= TASK TO COMPLETE =
Please copy all of the data that follows exactly, leaving any pictures out.

Stored records:
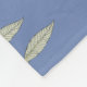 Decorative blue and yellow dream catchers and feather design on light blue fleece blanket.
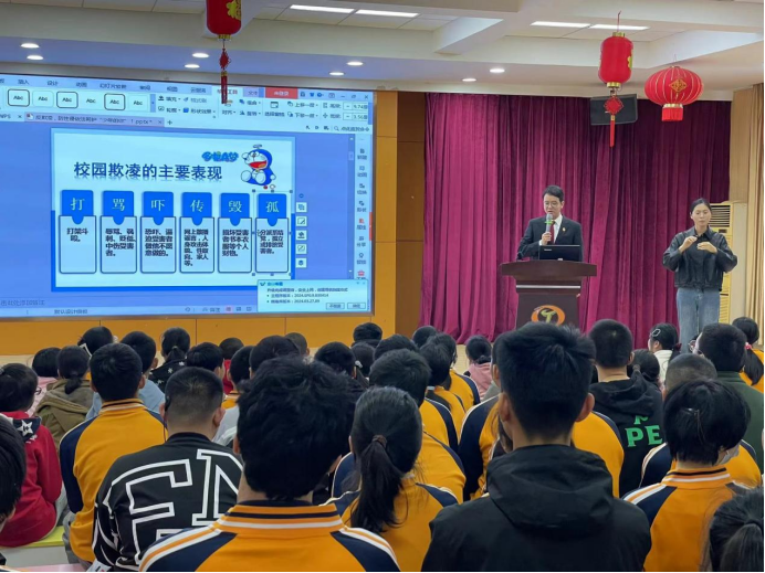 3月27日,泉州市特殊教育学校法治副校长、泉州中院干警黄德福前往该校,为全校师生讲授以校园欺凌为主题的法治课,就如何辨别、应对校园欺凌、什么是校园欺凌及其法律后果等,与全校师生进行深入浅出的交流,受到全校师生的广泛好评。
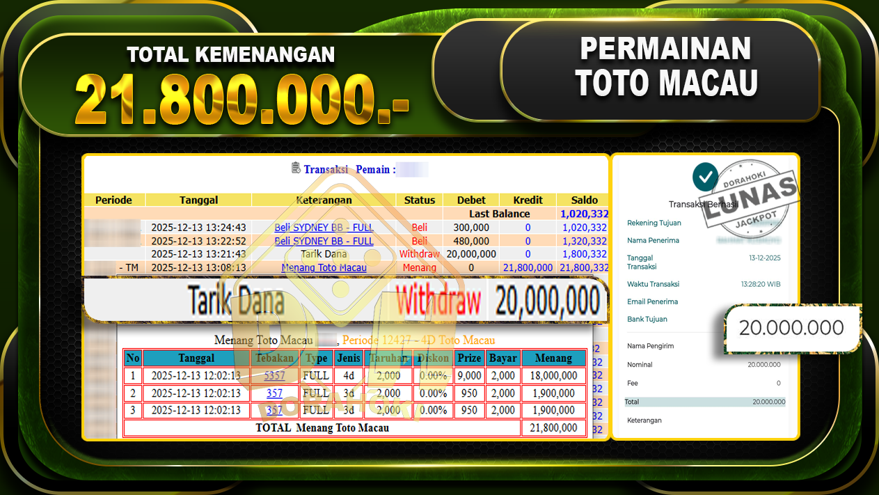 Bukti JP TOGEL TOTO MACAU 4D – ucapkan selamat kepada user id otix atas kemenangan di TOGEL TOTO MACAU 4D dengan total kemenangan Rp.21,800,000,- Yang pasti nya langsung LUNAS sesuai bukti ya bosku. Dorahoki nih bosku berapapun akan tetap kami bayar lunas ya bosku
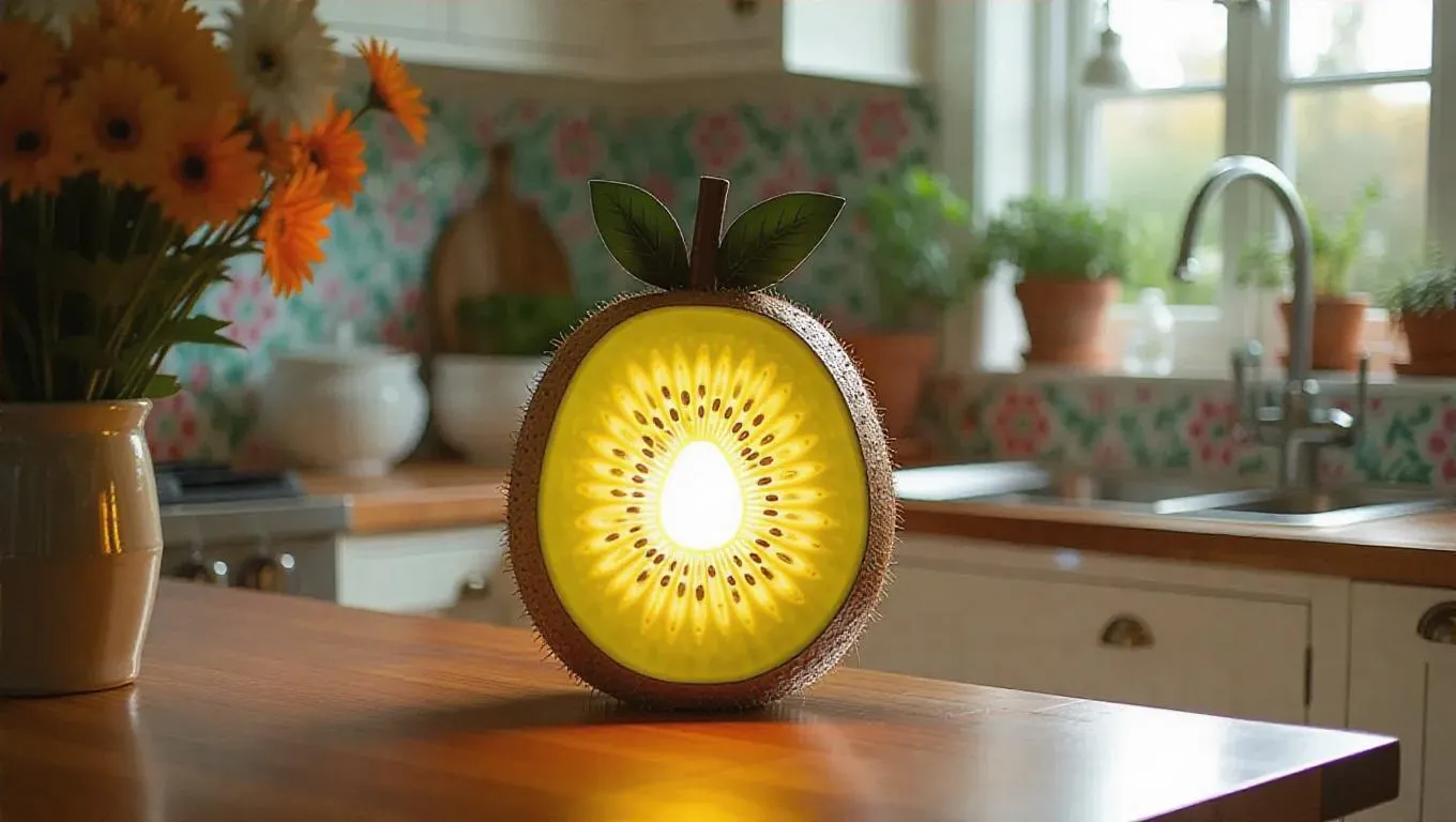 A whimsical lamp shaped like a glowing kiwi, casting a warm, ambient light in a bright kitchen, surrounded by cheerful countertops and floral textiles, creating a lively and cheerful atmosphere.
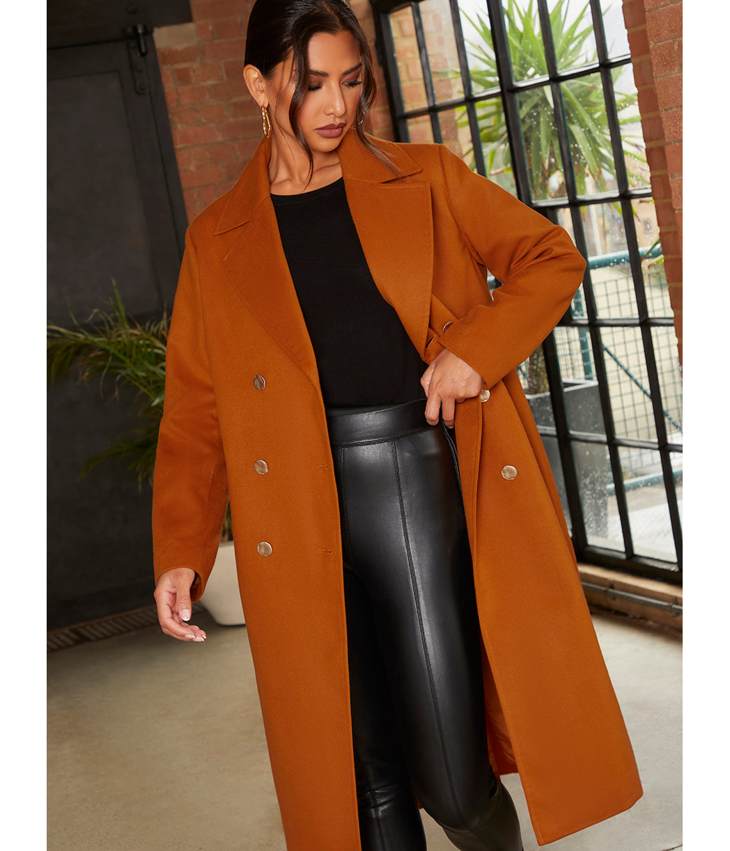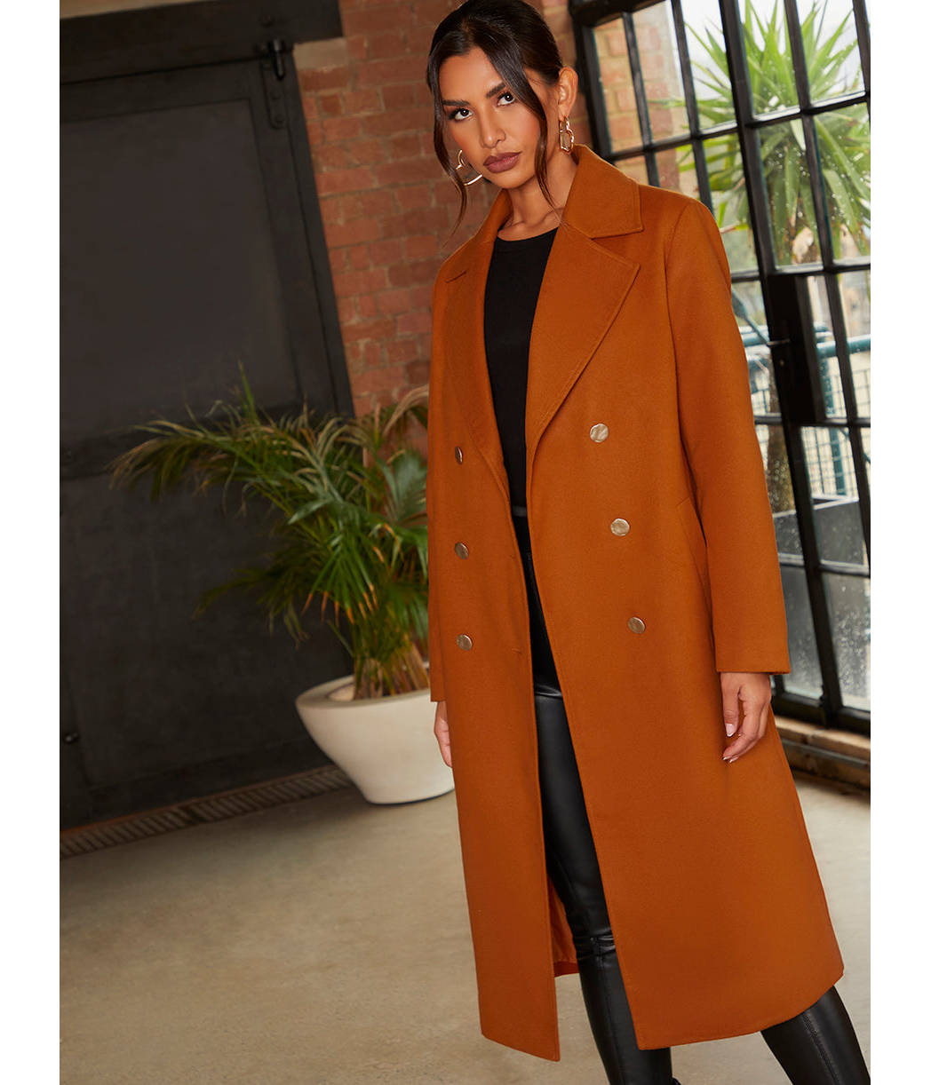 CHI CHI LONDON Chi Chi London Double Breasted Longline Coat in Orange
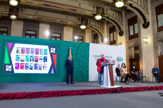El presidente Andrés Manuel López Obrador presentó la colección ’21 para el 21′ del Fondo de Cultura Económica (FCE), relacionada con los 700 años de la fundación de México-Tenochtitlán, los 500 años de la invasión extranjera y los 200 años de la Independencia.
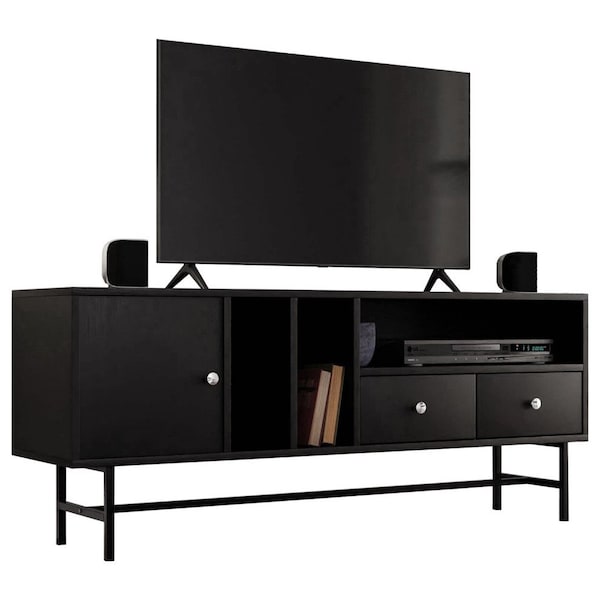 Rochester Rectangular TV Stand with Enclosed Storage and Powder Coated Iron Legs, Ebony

= RESPONSE FOR THIS EXERCISE =
 Decorative blue and yellow dream catchers and feather design on light blue fleece blanket.
 3月27日,泉州市特殊教育学校法治副校长、泉州中院干警黄德福前往该校,为全校师生讲授以校园欺凌为主题的法治课,就如何辨别、应对校园欺凌、什么是校园欺凌及其法律后果等,与全校师生进行深入浅出的交流,受到全校师生的广泛好评。
 Bukti JP TOGEL TOTO MACAU 4D – ucapkan selamat kepada user id otix atas kemenangan di TOGEL TOTO MACAU 4D dengan total kemenangan Rp.21,800,000,- Yang pasti nya langsung LUNAS sesuai bukti ya bosku. Dorahoki nih bosku berapapun akan tetap kami bayar lunas ya bosku
 A whimsical lamp shaped like a glowing kiwi, casting a warm, ambient light in a bright kitchen, surrounded by cheerful countertops and floral textiles, creating a lively and cheerful atmosphere.
 CHI CHI LONDON Chi Chi London Double Breasted Longline Coat in Orange
El presidente Andrés Manuel López Obrador presentó la colección ’21 para el 21′ del Fondo de Cultura Económica (FCE), relacionada con los 700 años de la fundación de México-Tenochtitlán, los 500 años de la invasión extranjera y los 200 años de la Independencia.
 Rochester Rectangular TV Stand with Enclosed Storage and Powder Coated Iron Legs, Ebony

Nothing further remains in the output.